I've also had a problem with seemingly random reboots. Without looking at the logs I've narrowed down the problem to the volume settings. Even in webOS my Touchpad rebooted every once in a while playing flash videos/music at max volume. The same thing seems to occur in CM 9 but with a greater number of music/video formats. The simple solution that I've found is to set the volume to one step below maximum. Since I figured this out my problems have so far disappeared completely. I am currently running the second alpha with the updated Adreno drivers and the 1.4 Supreme Mod pack (setCPU is set at 1.728/interactive). I've tried the Bricked kernel which gave me constant reboots (from the very first Google setup window) but that might be because I screwed up something during the install.Overall I've had a pretty smooth experience with ICS and hopefully my tip regarding the volume is applicable to someone else's problems.


----------



## clamder (Aug 25, 2011)

i've tried turning down the volume, turning the volume all the way down, removing haptic feedback, removing vibration on keyboard, none of those resolved the rebooting. also, there are multiple times where the reboot occurs during the bootanimation. that makes me think that the current voltage table in the kernel may be incompatible with a small number of touchpads, but of course i don't know how to test that...


----------



## siddhantg28 (Mar 18, 2012)

heres how i fixed my problem  iam now running nightly unofficial for tenderloin 1st april 2012 http://techerrata.com/browse/nightly_kangs/tenderloin
i had the same problem of random reboots i tried everything from installing different kernels roms gapps none helped..then i found out that turning off the volume completely worked and also turning off vibrations..but got bored without sound..so i installed the above rom it was quite stable but eventually crashed less often though especially when quitting off apps it always rebooted...what i did to stop this was run fieldrunner HD play it for a few sec then saved and quit went back to menu of the game but instead of quitting the game i pressed my home button so the game was there in the background as a paused process and it worked as long as the game is there in the background it doesnt reboot i can play all the games with full SOUND watch videos!!! 
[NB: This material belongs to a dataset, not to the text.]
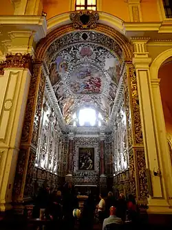 Among the altarpieces in the church is a depiction of the Blessed Geremia (1785) by Antonio Manno in the left transept, and a depiction of Saint Agnes of Montepulciano (1603) by Filippo Paladini. The first chapel on the right transept, dedicated to the Madonna del Rosario, survived the bombardment. It is richly decorated with polychrome marble and small tableux made with stucco (1697-1721) by Gioacchino Vitagliano. These teatrini or dramatic set-pieces depict the scenes of the Mystery of the Rosary. The ceiling is frescoes framed with elaborate stucco with the five glorious mysteries of the Rosary, by Pietro Aquila.[1] These tableux can be compared to the ones made by Serpotta for the adjacent oratory.

iam not sure this will work for every one but it works for me running fieldrunner HD in the background somehow prevents the kernel from panicking which was happening due to sound!!!
lets hope that linux kernel 3.0 fixes this issue when released for cm9!!!


----------



## clamder (Aug 25, 2011)

i finally set up adb so that i can run logcat. i don't see any clear messages before it just reboots on its own... i ran acmeuninstaller... re-downloaded the latest 04/04 official nightly, gapps 3/17, moboot 0.3.5, cwm, and installed it using acmeinstaller2.
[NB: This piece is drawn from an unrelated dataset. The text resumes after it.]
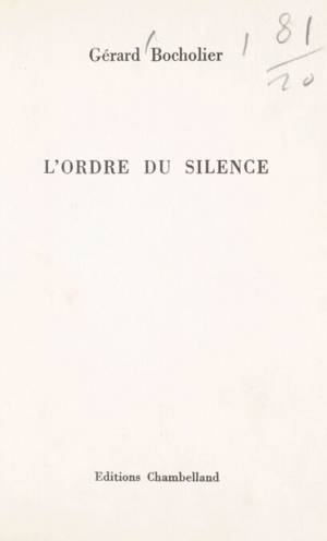 Ô vieux silence Comme tu trembles Tes mains serrant Leur poids d'argile Leur poids de sang Terre invisible Où toute nuit Se pétrifie Gérard BocholierSavoir plus

i used setcpu to downclock my max cpu to 900mhz, and put the minimum at 400mhz. i'm using the ondemand governor. i was looking around in cputuner right before this last reboot.

i had the volume turned all the way down. i turned off haptic feedback in the os, as well as in the keyboard settings. this was a clean install and i wiped cache/dalvik/fixed permissions right before as well. can someone help?

View attachment logcat.txt


----------



## gdizzle222 (Jan 26, 2012)

clamder said:


> i finally set up adb so that i can run logcat. i don't see any clear messages before it just reboots on its own... i ran acmeuninstaller... re-downloaded the latest 04/04 official nightly, gapps 3/17, moboot 0.3.5, cwm, and installed it using acmeinstaller2.
> 
> i used setcpu to downclock my max cpu to 900mhz, and put the minimum at 400mhz. i'm using the ondemand governor. i was looking around in cputuner right before this last reboot.
> 
> ...


Turning down the volume also didnt work for me. The only thing that worked was deleting the libaudio.so from the system\lib folder in the installation zip file. After deleting that and deleting data/cache/davlik/format system in CWM and installing this modified zip, I was able to have a rom with zero reboots at all. It works wonderfully except for the fact that it has NO SOUND. But this was a better option for me than a completely useless rom. Hopefully someone can figure out what is wrong with the libaudio.so file, or update the kernel so it doesn't crash from it. Cheers


----------